The Endangered Species Act (ESA) prohibits the “take” of endangered species. 16 U.S.C. § 1538(a)(1)(B)-(C). The statutory definition of “take” is “to harass, harm, pursue, hunt, shoot, wound, kill, trap, capture, or collect, or to attempt to engage in any such conduct.” 16 U.S.C. § 1532(19). The Fish and Wildlife Service (FWS) and National Oceanic and Atmospheric Administration (NOAA) issued regulations that defined “harm” as any “act which actually kills or injures wildlife. Such an act may include significant habitat modification or degradation where it actually kills or injures wildlife by significantly impairing essential behavioral patterns, including breeding, feeding or sheltering.” 50 CFR § 17.3, 50 CFR § 222.102. Thus, under the regulations, an act or omission that injures a protected species constitutes take, without regard to whether the harm was intended or a direct result.

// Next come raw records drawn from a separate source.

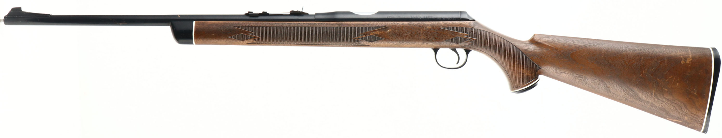 Daisy & Heddon, VL Rifle, CAL: .22 Cal. Caseless VL Ammo, S/N: A036033, 18'' barrel. The original checkered & capped pistol grip wood grain plastic stock, with ebony forend tip is excellent & solid. There are scratches, scrapes & a few thinning areas of the high gloss finish. The metal blue finish rates 97% overall, with a couple areas of flaking revealing metal grey that's toned to a brown patina. Bore is fair, dark & rough. The barrel holds an adjustable rear sight & ramp elevated blade front sight. Stock carries a VL grooved plastic buttplate. FFL Req. - Value: 200 to 400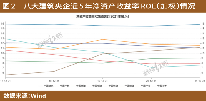 华泰证券研究所建筑建材首席研究员方晏荷向《红周刊》表示,“建筑央企的业绩增长一直相对比较稳健,2019~2021年八家建筑央企营业收入复合增长率均在双位数以上,平均增速15%;归母净利润平均复合增速10%。其中,中国铁建、中国中铁、中国建筑、中国化学均保持了两位数以上复合增长,三年复合增速分别为11%、17%、10%、34%。根据八家建筑央企在手订单和新签订单来看,我们预计他们今年及未来两年的业绩增速仍将继续保持稳健增长。”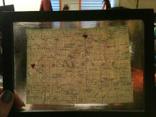 So since I have lived in 4 different states yet I love them all.... I figured why not take a shot at one of the really awesome craft projects that I found on pintrest. HERE! But my own little spin since I didn't wanna go spend a bunch of money on the glass pane that is used here. All I did was get four small frames, that I already had luckily, and superglued the outer edges of the glass to the inner ledge of the glass and had my own makeshift window pane.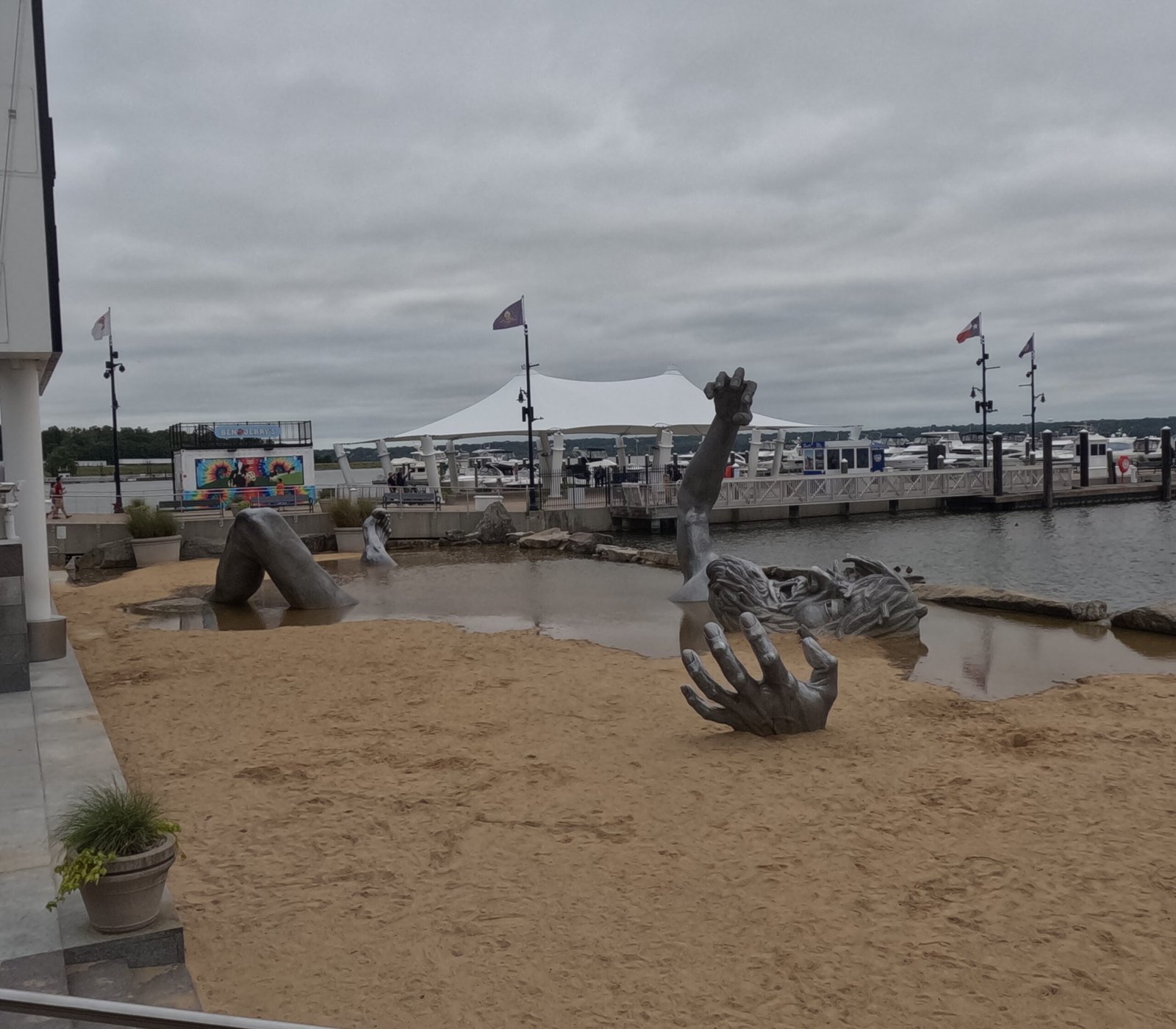 The Awakening (1980) is a 72-foot statue by J. Seward Johnson, Jr. that depicts a giant embedded in the earth, struggling to free himself. It is located on a man-made beach at National Harbor in Maryland, United States, just outside Washington, D.C.
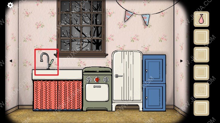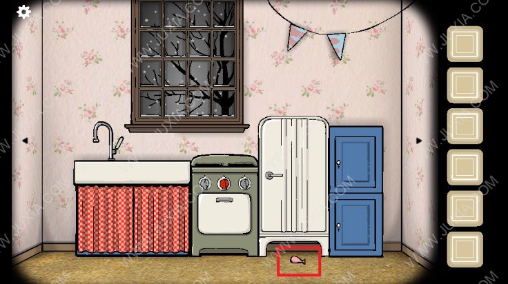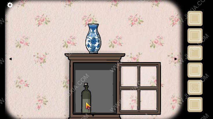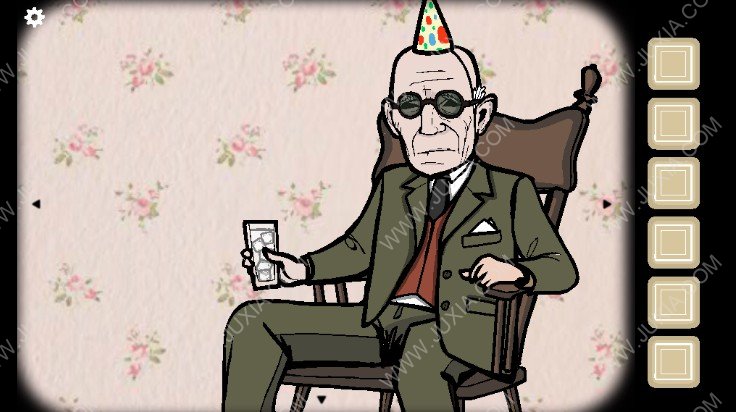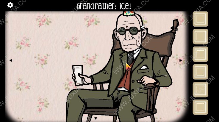 5.点击下图红色框位置的柜子,点击获得酒,然后将酒倒入爷爷手中的杯子,点击爷爷,爷爷会告诉我们需要一点冰块。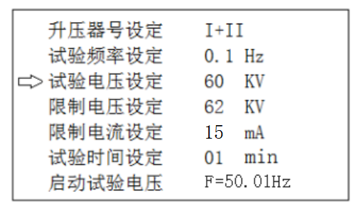 - 升壓器號設(shè)定:如果使用I號升壓器單獨(dú)升壓,升壓器號設(shè)定為I號(此時(shí)試驗(yàn)電壓設(shè)定≤30KV),如果使用I號升壓器和II號升壓器串聯(lián)升壓,升壓器號設(shè)定為I+II號。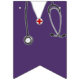 Unique doctor party decoration featuring purple hospital scrubs and stripes.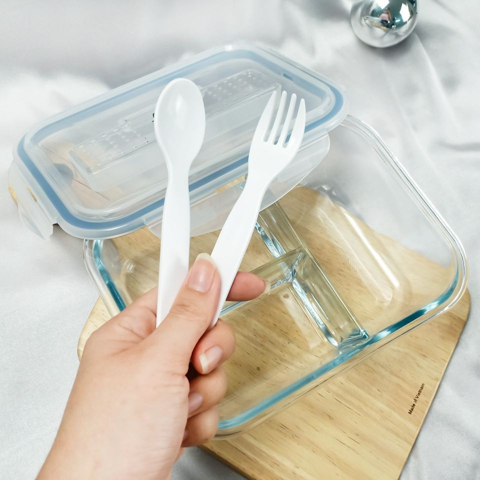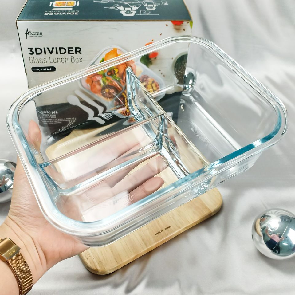 Hộp thủy tinh 3 ngăn FCKorea kèm muỗng nĩa 1400ml có dung tích 1400ml đựng được rất nhiều đồ ăn. Bên cạnh đó, với thiệt kế 3 ngăn giúp việc bạn phân chia các món ăn trở nên đơn giản và tiện lợi hơn rất nhiều.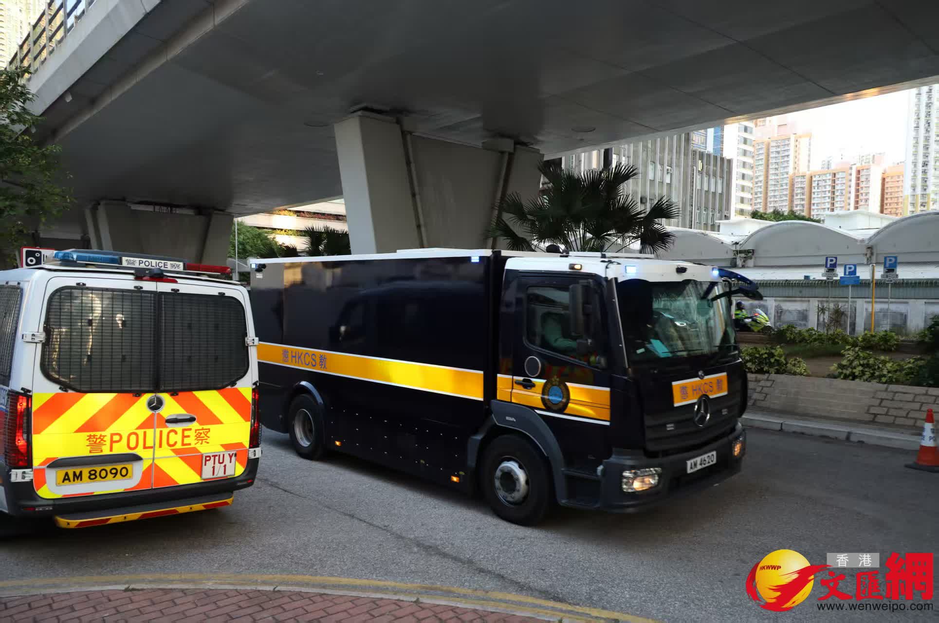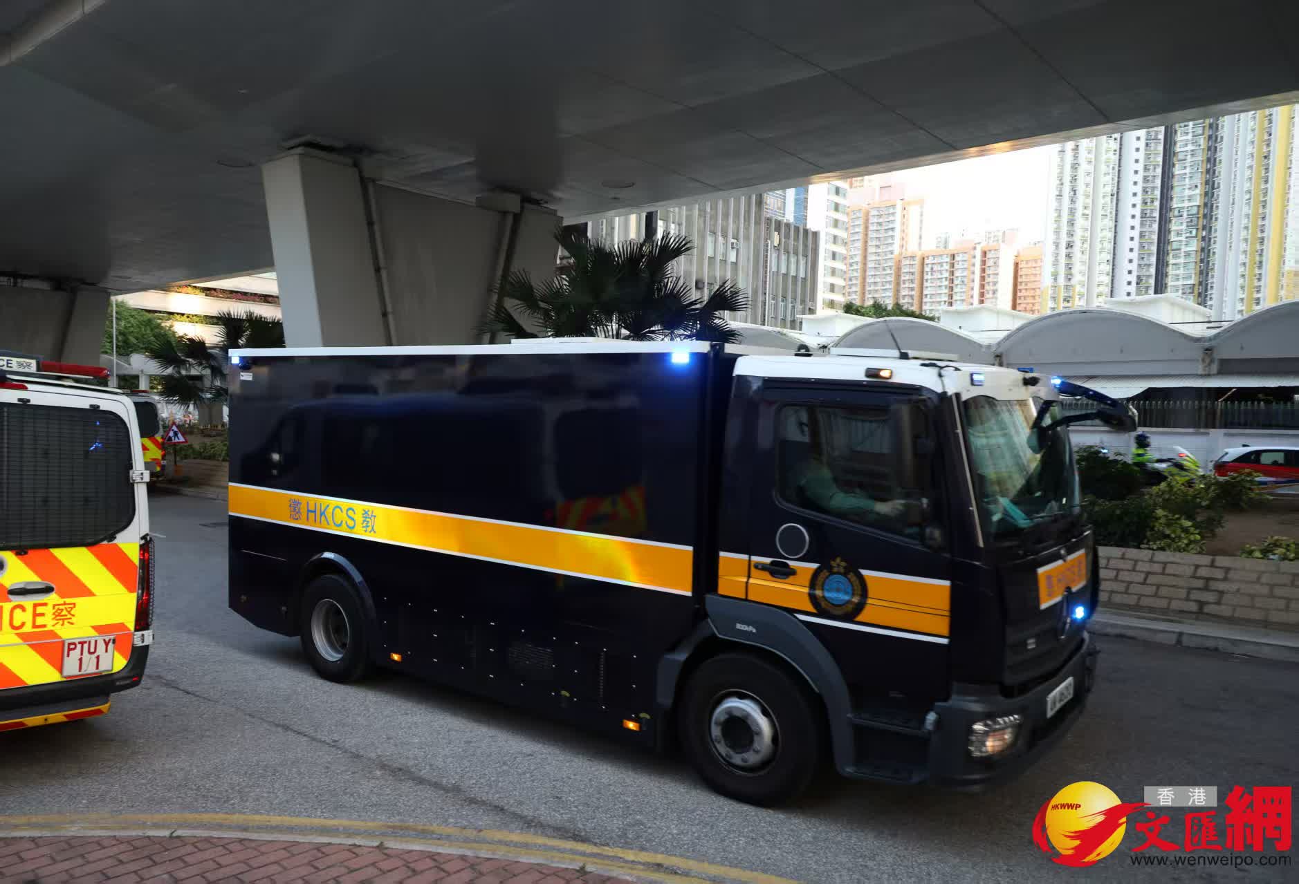 黎智英案今裁決,囚車入場。(香港文匯報記者萬霜靈攝)
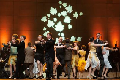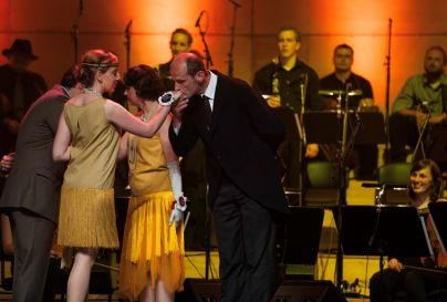 Sledili smo znanim tipom plesov: čardaš, šotiš, sibenšrit, polka, kolo … Na mestnem plesišču so se plesalci zavrteli v ritmih fokstrota, valčka in tanga. Prizor je bil sproščen in prepričljiv, saj plesi niso zašli v ekshibicijo, ampak so se držali osnovnih korakov in figur – tako pač kot se je plesalo na običajnih plesnih zabavah nižjega meščanstva. Tudi kostumi v slogu dvajsetih let so bili preprosti – nobenih visokih damskih toalet in gospodje v običajnih temnih, nekateri pa tudi v manj konvencionalnih sivih in rjavih oblekah. Prikaz je bil smiseln, saj vemo, da stroge meje med plesom ljudstva in fevdalne, plemiške, aristokratske gospode ter pozneje meščanstva ni bilo, saj je šlo ves čas za vplivanje v obeh smereh. Plesne postavitve celotne predstave so prispevali Katja Kavkler, Klemen Dovč in dr. Bruno Ravnikar. Škoda, da je v gledališkem listu manjkala razlaga o imenih in značilnostih posameznih plesov ter ostalega materiala, saj ni samo po sebi umevno, da jih občinstvo zmore prav vse na pogled prepoznati oziroma poznati. … otroci. (Foto: Patricija Belak in Kristina Bucik)
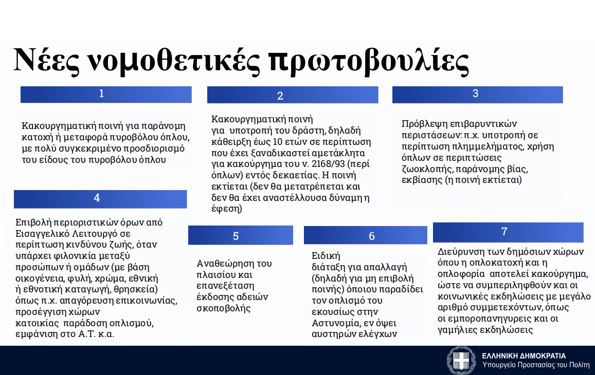 - Αναθεώρηση του πλαισίου έκδοσης αδειών οπλοφορίας. Εξετάζονται αλλαγές στις προϋποθέσεις και στις διαδικασίες απόκτησης νόμιμης άδειας.

Applying Chevron v. NRDC, 467 U.S. 837 (1984), the Supreme Court in 1995 upheld the regulatory definition of “harm.” Babbitt v. Sweet Home Chapter of Communities for a Great Oregon. 515 U.S. 687. The majority in Babbitt held that the “latitude the ESA gives the Secretary in enforcing the statute, together with the degree of regulatory expertise necessary to its enforcement, establishes that we owe some degree of deference to the Secretary's reasonable interpretation.” Id. at 703-04. Justice Scalia dissented on the grounds that the regulatory definition was too broad. Applying the canon of noscitur a sociis, Justice Scalia wrote that the definition of “harm,” like the other nine verbs in the definition of “take,” should be construed to require an “affirmative act” that is “directed immediately and intentionally against a particular animal,” and not an act or omission that “indirectly and accidentally” injures an animal. Id. at 719-20.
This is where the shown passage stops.